The second single, "Taxi Ride", was an homage to the late make-up artist Kevyn Aucoin, a gay friend of Amos'. A contest was held online to create a music video for the song, and it reached the top 20 in the US. The third single, "Strange", was remixed with a country and western feel and became another radio staple.
 
In an attempt to prevent Internet trading of the album, Amos, in conjunction with her husband and crew, invented a special kind of glue to bind closed portable CD players containing the album. These were then distributed to the press on the understanding that they would be returned within forty-eight hours. If an attempt was made to open the player, both it and the disc inside would shatter. The success of this attempt was so great that the record industry began to follow suit.
 
As an additional incentive to buy the album rather than download its contents illicitly, the CD also served as a key to access "Scarlet's Web", a web site which featured several songs ("Tombigbee", "Seaside", "Mountain") as well as various photographs and journal entries that were not available elsewhere.
 
In 2003 Amos released a greatest hits album, Tales of a Librarian. Following in the footsteps of artists such as Björk, rather than compiling hit singles and tossing them into a generic hits package, Amos chose instead to revisit the mixing of many of her own favourite songs from a career spanning over a decade, focusing on those that she thought were not fully realised in their original recordings. With the addition of two new songs and two re-recorded b-sides, the album featured what was effectively mostly new material even if the songs had been released previously in different versions.
 
In 2004 Amos released a DVD/CD set called Welcome to Sunny Florida. The DVD featured a full length live performance from her 2003 "On Scarlet's Walk" tour; the CD compiled several previously Internet-exclusive B-sides from Scarlet's Walk with some new tracks on a bonus disc entitled "Scarlet's Hidden Treasures".
 
In late February of 2005, Amos released The Beekeeper.
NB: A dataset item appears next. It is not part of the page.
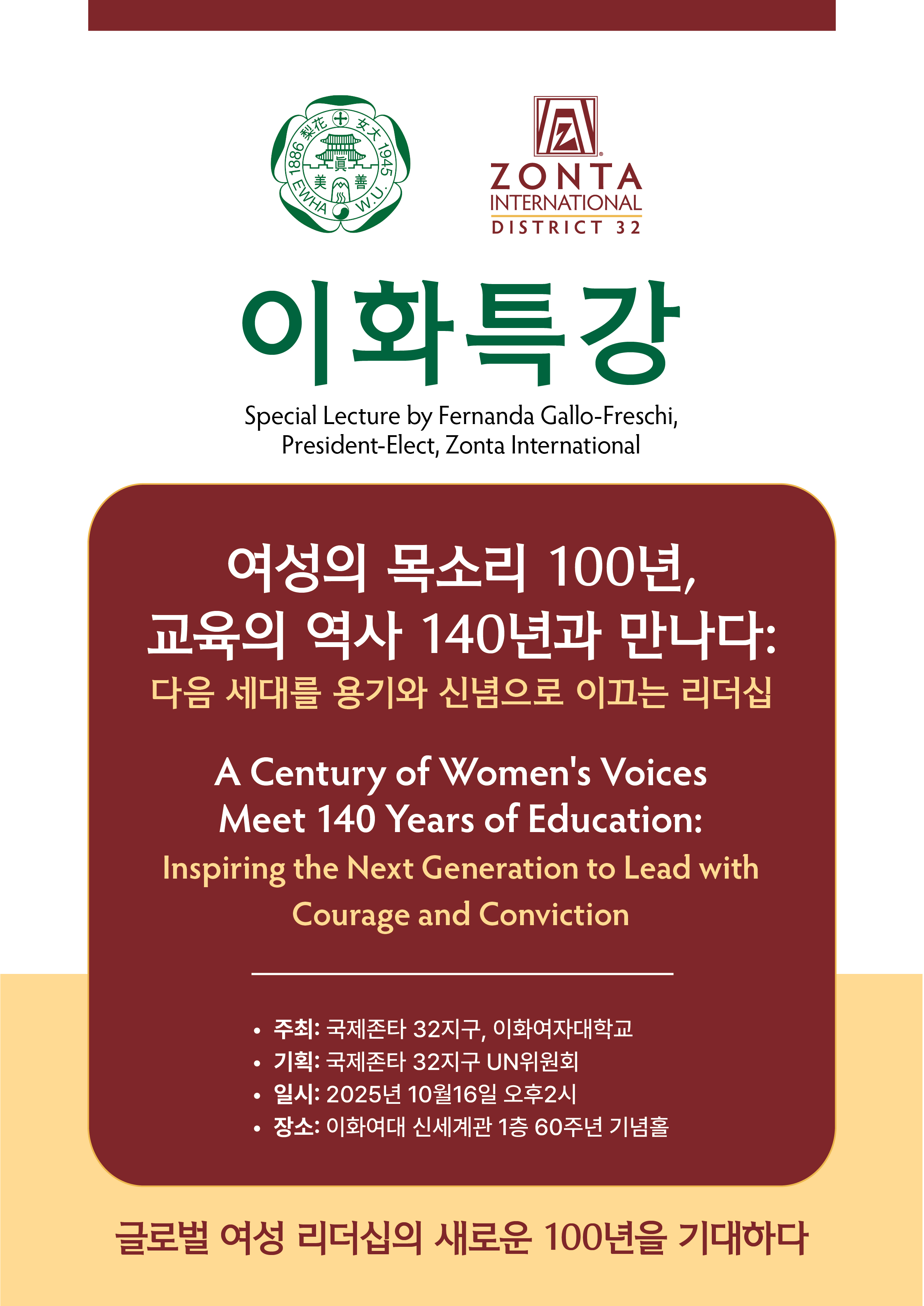 * 특강 강사: Fernanda Gallo-Freschi 박사 (국제존타(Zonta International)의 차기 회장)

The album deals with topics like death, adultery and romantic conflict. It was leaked to the Internet over a month before its release. Early reviews described it as her most lyrically accessible, and reminiscent of her first album. "Sleeps with Butterflies" was the first single released from the album.
 
In conjunction with the album, Amos released an autobiography entitled Piece by Piece; co-authored by rock music journalist Ann Powers, it delves deeply into Amos’s obsession with mythology and religion. It explores her songwriting process while telling the story of her progression into fame.